[EXERCISE INSTRUCTIONS]: Return each line of the listing exactly, though without its images.

[INPUT DATA]:
· · · ·
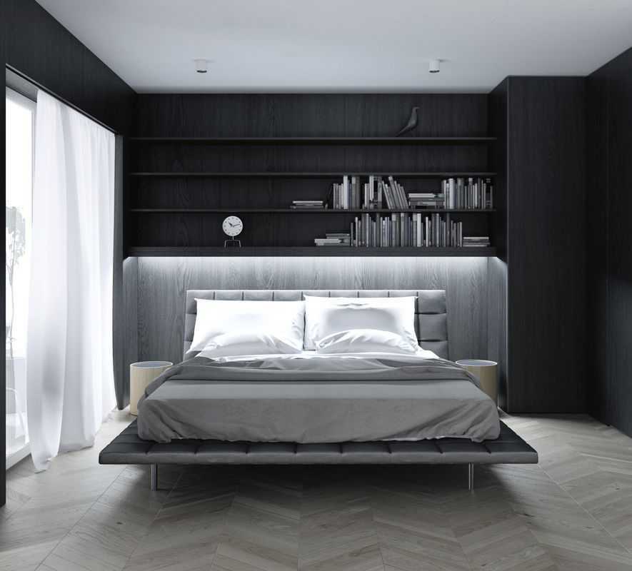 Проект чёрной спальни в стиле минимализм с двумя режимами светодиодной подсветки. В зависимости от включённого освещения комната преображается. Красный делает интерьер страстным и эмоциональным, а белый более спокойным. Чтобы избежать мрачной атмосферы для пола выбрано светлое деревянное покрытие.
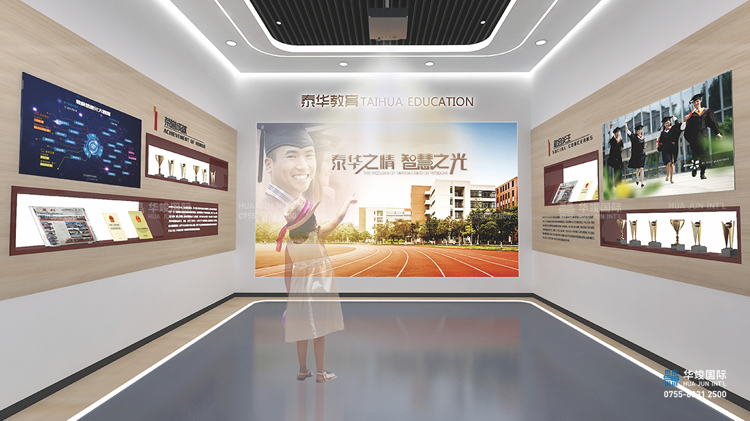 泰華教育展廳設(shè)計(jì)理念,華竣從泰華辦學(xué)的情·懷,情·敬,情·競,情·境,情·景入手,傾情呈現(xiàn)泰華教育的創(chuàng)新辦學(xué)模式,從多角度、多面孔、全方位、跨時(shí)空展示泰華教育模式和成果,讓參觀者既能鳥瞰全景,又能觀照細(xì)部,獲得整體而不失深刻的印象。
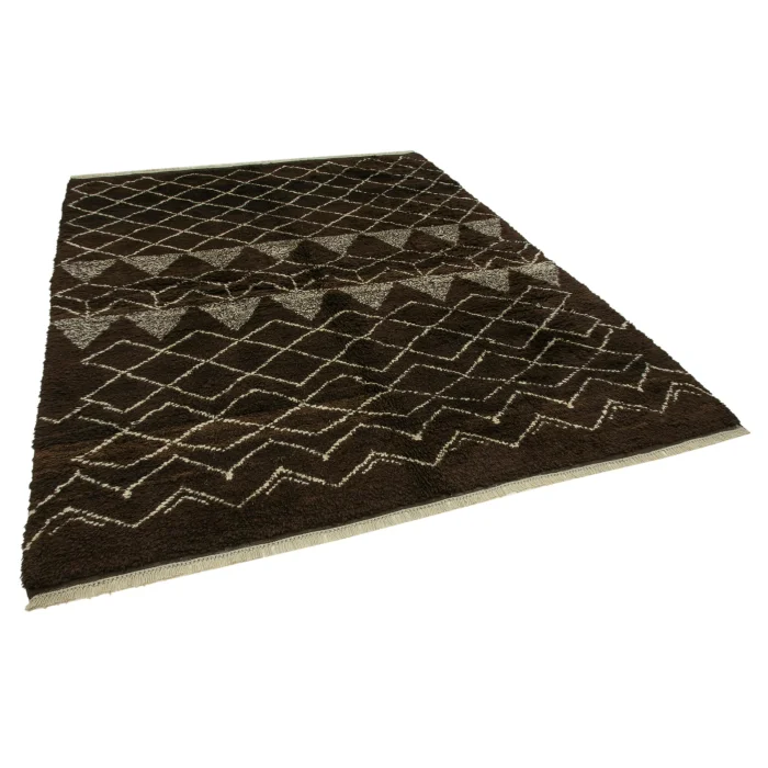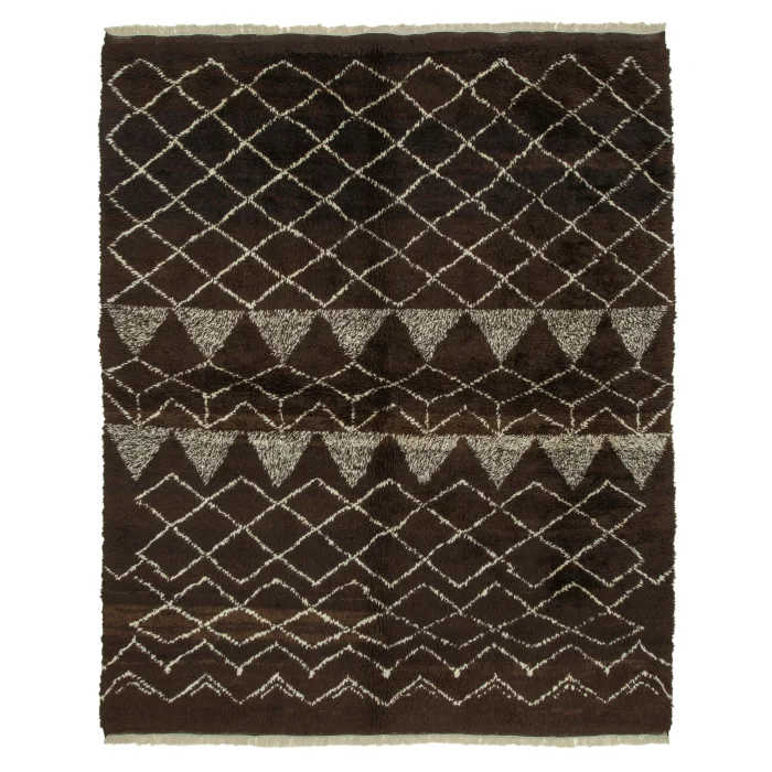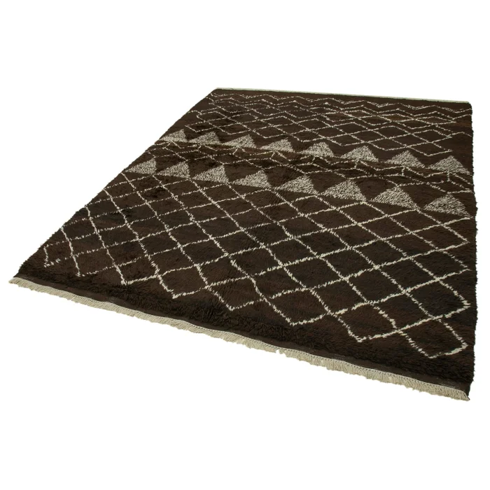 Moroccan Rug 217 cm width and 272 cm length and the pile height is 5mm, the approximate weight of the rug is 19 kg. It’s % 100 hand knotted wool and goat hair rug. It’s made from the natural dye.
· · · ·
[SOLUTION BELOW]:
 Проект чёрной спальни в стиле минимализм с двумя режимами светодиодной подсветки. В зависимости от включённого освещения комната преображается. Красный делает интерьер страстным и эмоциональным, а белый более спокойным. Чтобы избежать мрачной атмосферы для пола выбрано светлое деревянное покрытие.
 泰華教育展廳設(shè)計(jì)理念,華竣從泰華辦學(xué)的情·懷,情·敬,情·競,情·境,情·景入手,傾情呈現(xiàn)泰華教育的創(chuàng)新辦學(xué)模式,從多角度、多面孔、全方位、跨時(shí)空展示泰華教育模式和成果,讓參觀者既能鳥瞰全景,又能觀照細(xì)部,獲得整體而不失深刻的印象。
 Moroccan Rug 217 cm width and 272 cm length and the pile height is 5mm, the approximate weight of the rug is 19 kg. It’s % 100 hand knotted wool and goat hair rug. It’s made from the natural dye.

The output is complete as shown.